» Data provided
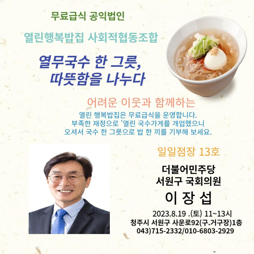한편, 이 의원은 오는 19일 청주 열린행복밥집 사회적협동조합에서 일일점장으로 봉사한다.
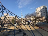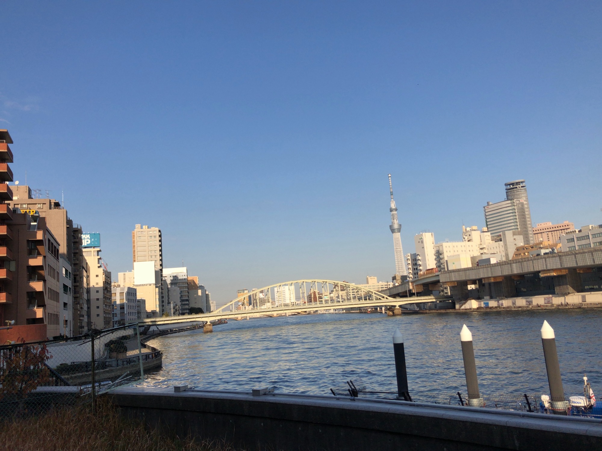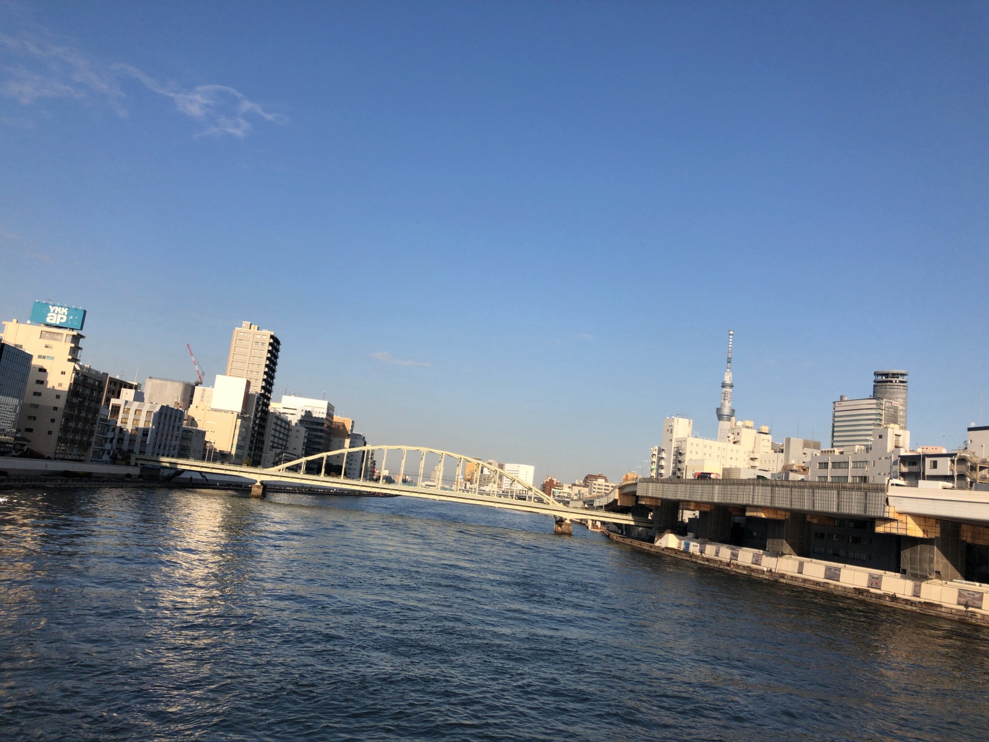 両国橋で、墨田川を越えます・・・スカイツリー!
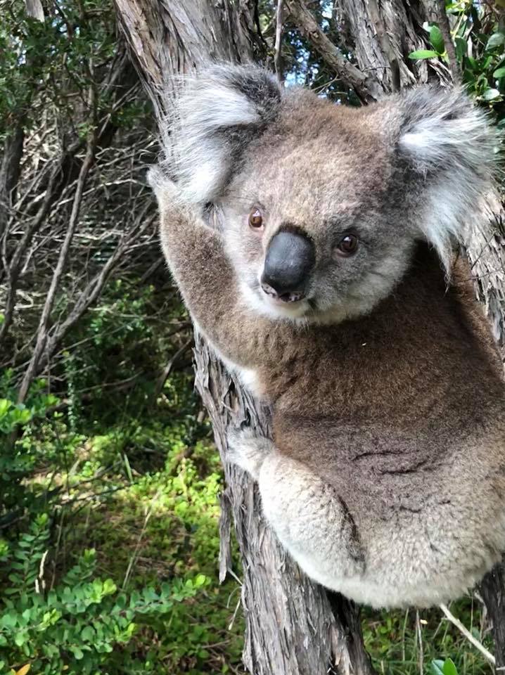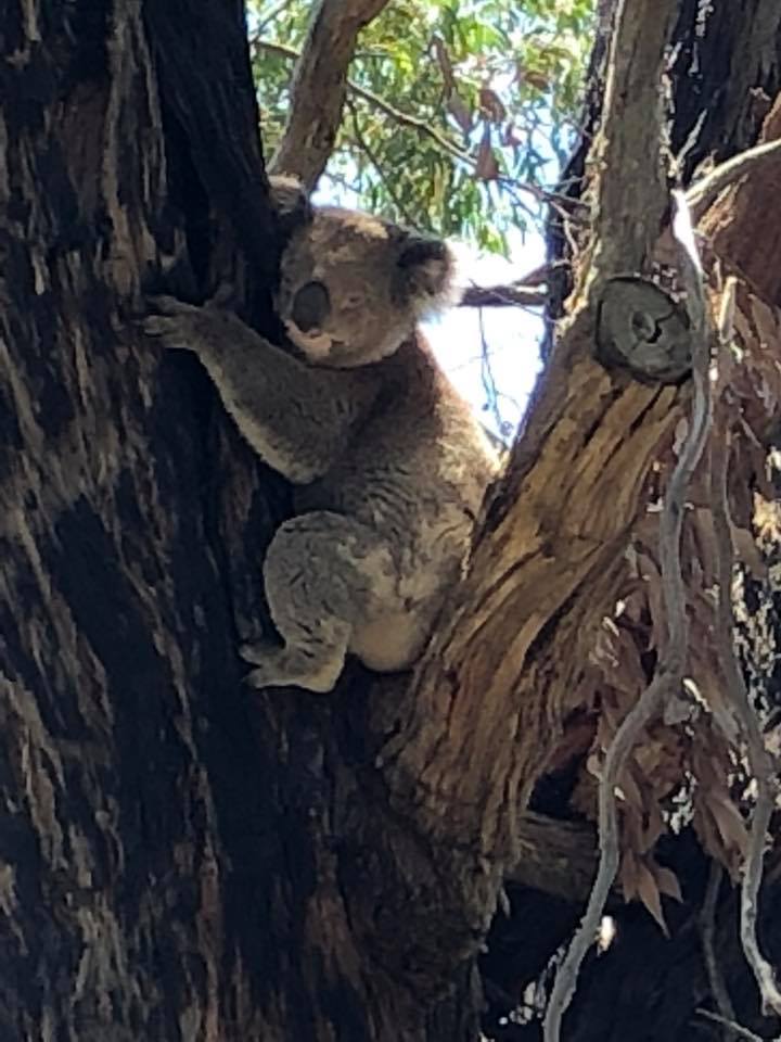 Von Melbourne aus sind wir die Great Ocean Road gefahren, weil da besonders viele Koalas sein sollten. Stimmte auch. Wenn man ersteinmal den Blick geschärft hat, sind sie schnell zu sehen. Und wenn man lang genug wartet, schlendern sie auch mal an der Straße lang….
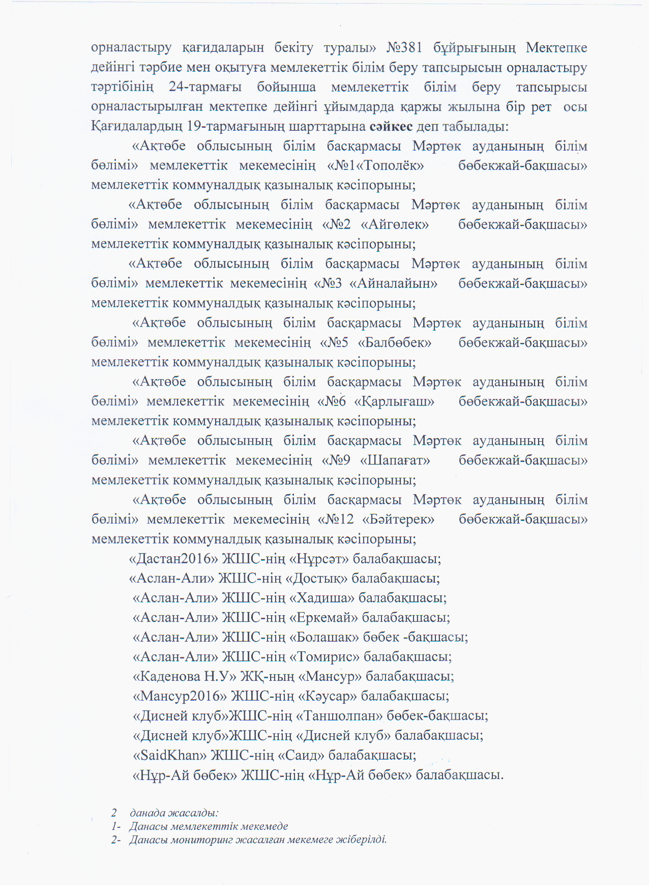 | 4 | Объявление для получения государственного образовательного заказа на дошкольную организацию в с.Жайсан. | |

» What is required
Once the pictures are set aside, give the rest of the listing again exactly.

» Result
한편, 이 의원은 오는 19일 청주 열린행복밥집 사회적협동조합에서 일일점장으로 봉사한다.
 両国橋で、墨田川を越えます・・・スカイツリー!
 Von Melbourne aus sind wir die Great Ocean Road gefahren, weil da besonders viele Koalas sein sollten. Stimmte auch. Wenn man ersteinmal den Blick geschärft hat, sind sie schnell zu sehen. Und wenn man lang genug wartet, schlendern sie auch mal an der Straße lang….
 | 4 | Объявление для получения государственного образовательного заказа на дошкольную организацию в с.Жайсан. | |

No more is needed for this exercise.